It is possible for there to be multiple matching supplementals in TiesDb. In that case,
Workflow Manager will first pick the supplementals with the best job status. The job statuses
from best to worst are COMPLETE
, COMPLETE_WITH_WARNINGS
, and COMPLETE_WITH_ERRORS
. If no jobs
with those statuses exist, all other statuses are considered equally bad. If there are multiple
supplementals with the same status, the most recently created supplemental will be used.
In order to determine if a previous job was similar enough to a current job, a hash of the important parts of the jobs is computed. The parts of the job that are included in the hash are:
- Names of the algorithms used in the pipeline and their order
- Non-ignorable job properties
output.changed.counter
system property- This is an integer that is incremented when there is a change to the Workflow Manager after which previous TiesDb records should not be used. Because this number is part of the job configuration hash, changing this number invalidates all previous TiesDb records.
- Component descriptor's
outputChangedCounter
property.- This works the same way as
output.changed.counter
, except that it only invalidates TiesDb records for jobs that used the component.
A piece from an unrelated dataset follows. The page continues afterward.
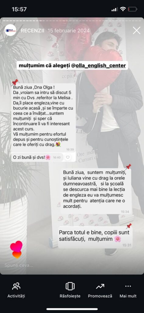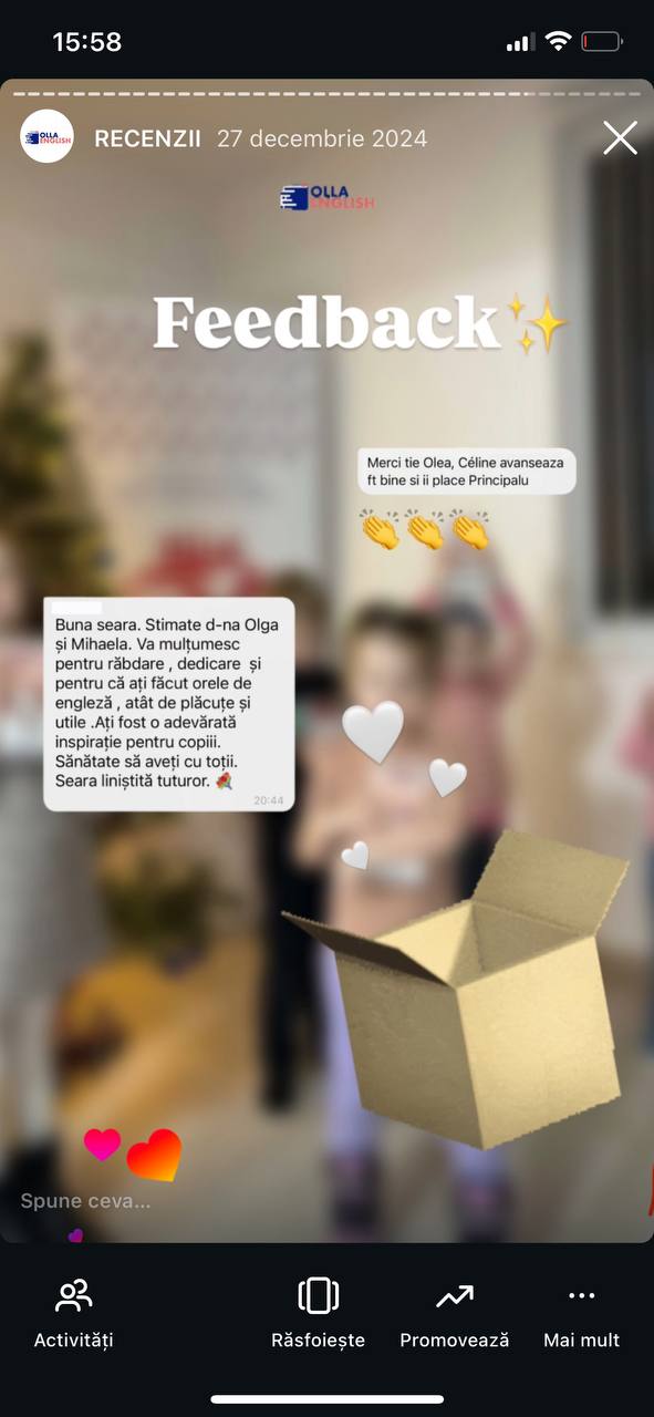 La OLLA English Center, cei mici descoperă engleza într-un mod natural, prin cântece, jocuri și povești. Cursurile sunt create special pentru preșcolari și îi ajută să-și dezvolte vocabularul, pronunția și încrederea în vorbire.

- This works the same way as
- Frame ranges and time ranges
- JSON output object major and minor version
- SHA-256 hashes of all input media
- As a result of this, in order to find a matching job, both jobs must have been run on all of the same media. To improve the chances that a matching job is found in TiesDb, a user can choose to only submit jobs for a single piece of media.
Ignorable Properties
There are certain job properties, that when changed, do not change the output. There are also job properties that only affect certain types of media. To make it more likely that a matching job will be found in TiesDb, Workflow Manager can be configured to ignore the previously mentioned job properties when computing the job configuration hash.
The properties that should be ignored are specified in a JSON file. The
data.ties.db.check.ignorable.properties.file
system property contains the path to the JSON file.
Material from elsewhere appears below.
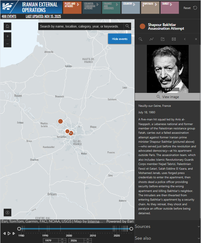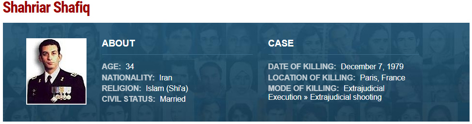 The report traces a decades-long pattern of Iranian state violence on French soil. Documented assassinations include Shahriar Shafiq, nephew of the last Shah, in 1979; Cyrus Elahi in 1990; and former Prime Minister Shapour Bakhtiar in 1991. These historical cases establish a pattern that continues into the present.
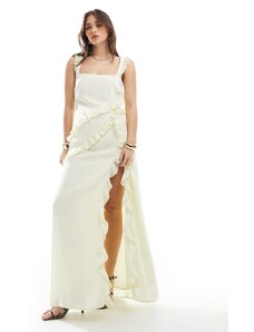 The Frolic exclusive ruffle drape detail square neck thigh split maxi dress in buttermilk yellow

The JSON file must contain a list of objects with two properties: ignorableForMediaTypes
and
names
. ignorableForMediaTypes
is a list of strings specifying which media types are able
to ignore the properties listed in the names
list.
In the example below, the VERBOSE
job property is never included in the job hash because all
media types are present in the ignorableForMediaTypes
list. ARTIFACT_EXTRACTION_POLICY
is ignored when the media is audio or unknown. FRAME_INTERVAL
appears in both the second
and third object, so it is ignorable when the media is audio, unknown, or image.
[
{
"ignorableForMediaTypes": ["VIDEO", "IMAGE", "AUDIO", "UNKNOWN"],
"names": ["VERBOSE"]
},
{
"ignorableForMediaTypes": ["AUDIO", "UNKNOWN"],
"names": ["ARTIFACT_EXTRACTION_POLICY", "FRAME_INTERVAL"]
},
{
"ignorableForMediaTypes": ["IMAGE"],
"names": ["FRAME_INTERVAL"]
}
]
Avoid Downloading Media
The SHA-256 hash of the job's media is also included when computing the job configuration hash. If the job request contains the media's hash and MIME type, Workflow Manager can avoid downloading the media if a match is found in TiesDB. If the media's hash and MIME type are not included in the job request Workflow Manager will use the normal media inspection process to get that information. If the media is not a local path, this will require Workflow Manager to download the media.
Below is an example of a job creation request that includes the media's hash and MIME type:
{
"algorithmProperties": {},
"buildOutput": true,
"jobProperties": {
"S3_ACCESS_KEY": "xxxxxx",
"S3_SECRET_KEY": "xxxxxx",
"TIES_DB_URL": "https://tiesdb.example.com",
"SKIP_TIES_DB_CHECK": "false"
},
"media": [
{
"mediaUri": "https://s3.example.com/bucket/my-video.mp4",
"metadata": {
"MEDIA_HASH": "2cf24dba5fb0a30e26e83b2ac5b9e29e1b161e5c1fa7425e73043362938b9824",
"MIME_TYPE": "video/mp4"
}
}
],
"pipelineName": "OCV FACE DETECTION PIPELINE",
"priority": 4
}
S3 Copy
When the TIES_DB_S3_COPY_ENABLED
job property or ties.db.s3.copy.enabled
system property is
true and a matching job is found in TiesDb, Workflow Manager will copy the artifacts, markup,
and derivative media to the bucket specified in the current job's S3_RESULTS_BUCKET
job property
or s3.results.bucket
system property. Since the job's artifacts, markup, and derivative media
are in a new location, the output object must be updated before it is uploaded to the new S3 bucket.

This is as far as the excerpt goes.